Соня, накрытая с головой белой простыней, лежала на газоне. Турецкий подошел, откинул с лица женщины простыню.

- Если слабонервный, дальше открывать не советую, предупредил судмедэксперт.

Турецкий долго смотрел на спокойное лицо женщины и вдруг заметил в ушах Сони сережки, точь-в-точь такие, что она оставила ему в гостиничном номере. Он осторожно вытащил сережки из ушей Сони и подозвал к себе майора.

- Отметьте в материалах дела, майор, что сережки изъял работник Генпрокуратуры Турецкий. Взял их на память.

- Слушаюсь.

В машине Турецкий вскрыл сережки, молча показал записывающее устройство Грязнову.

- Аппаратура есть?

- Нет. Спроси у Кротова.

- Не хочу возвращаться ко всей этой погани!

- Кротов едет следом. Звони.

"…Теперь о старшем следователе по особо важным делам Турецком.
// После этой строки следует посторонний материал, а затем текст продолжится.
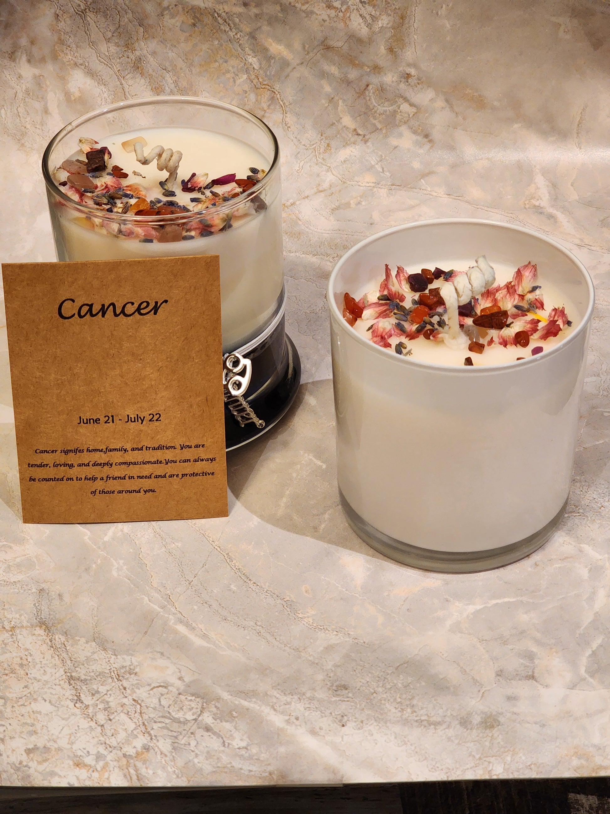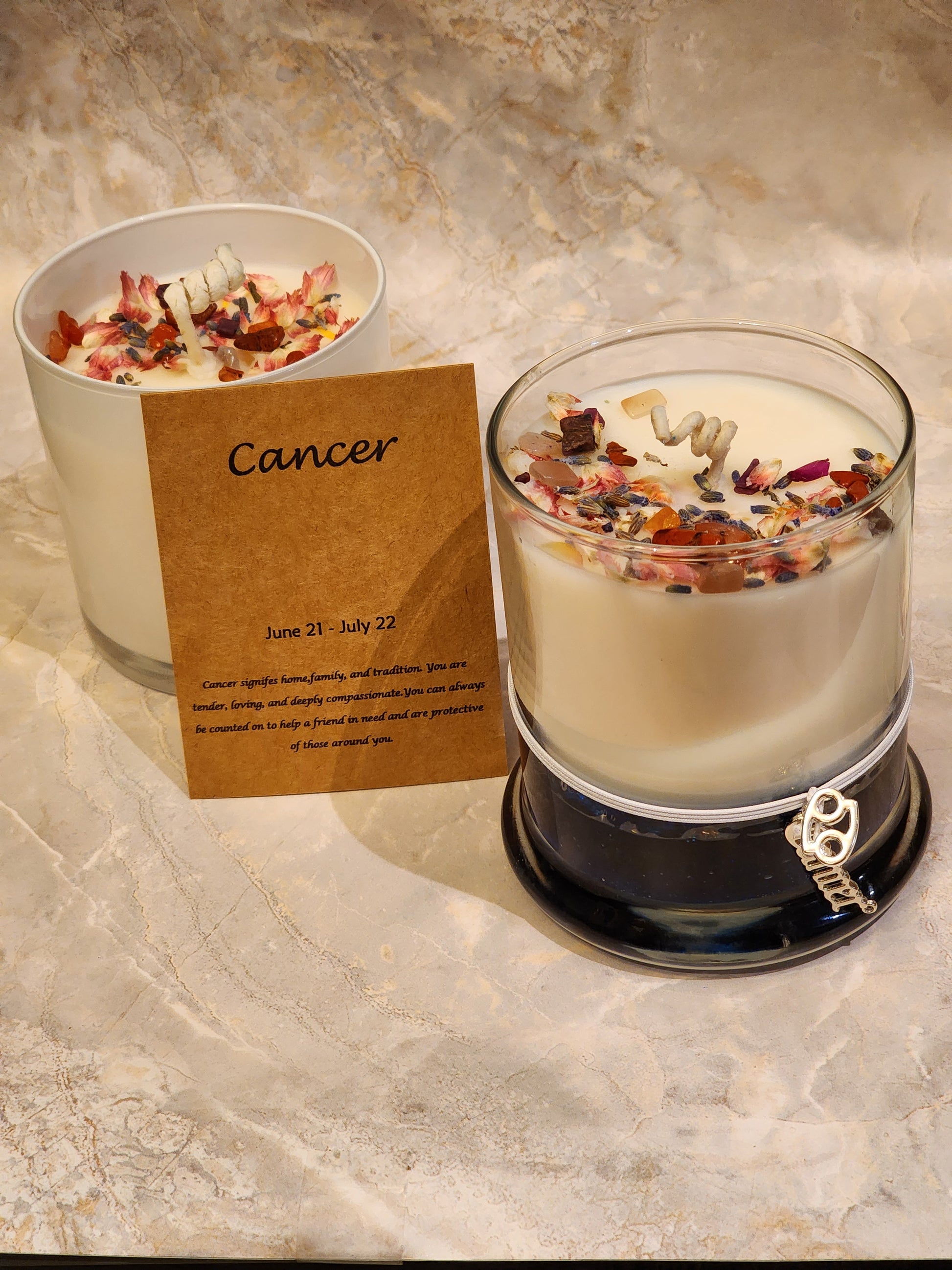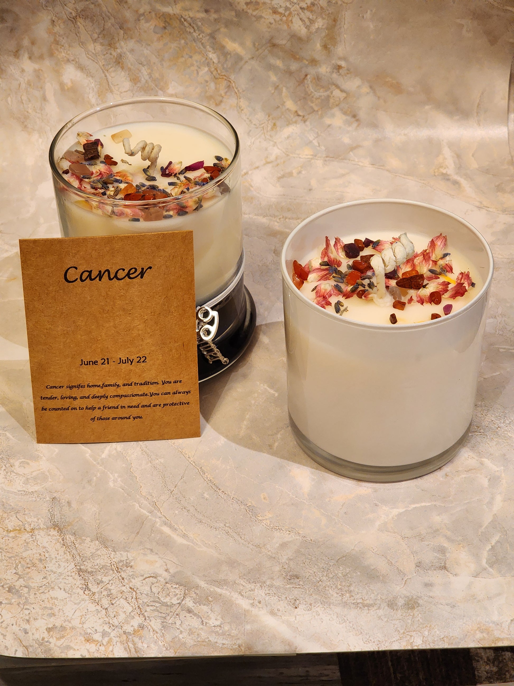 - A soy wax top, adorned with flowers and crystals specific to each zodiac sign.

Здесь дела хуже. В Кисловодске, Барсук, не только менты в форме и штатском. В городе ходят парни муровского полковника Грязнова, "русские волки". Эти ребята, если ты хоть пальцем тронешь "важняка", на куски тебя разорвут! Так что думайте". "Что важно для "важняка"? Наказание. Так, может, ему помочь?" "Это уже интереснее. Значит, так. Первое. "Важняка" пока не трогать. Второе. Помочь "важняку" в наказании виновных". "И кого мочить первого?" "Того, кто уже в глотке "важняка"…"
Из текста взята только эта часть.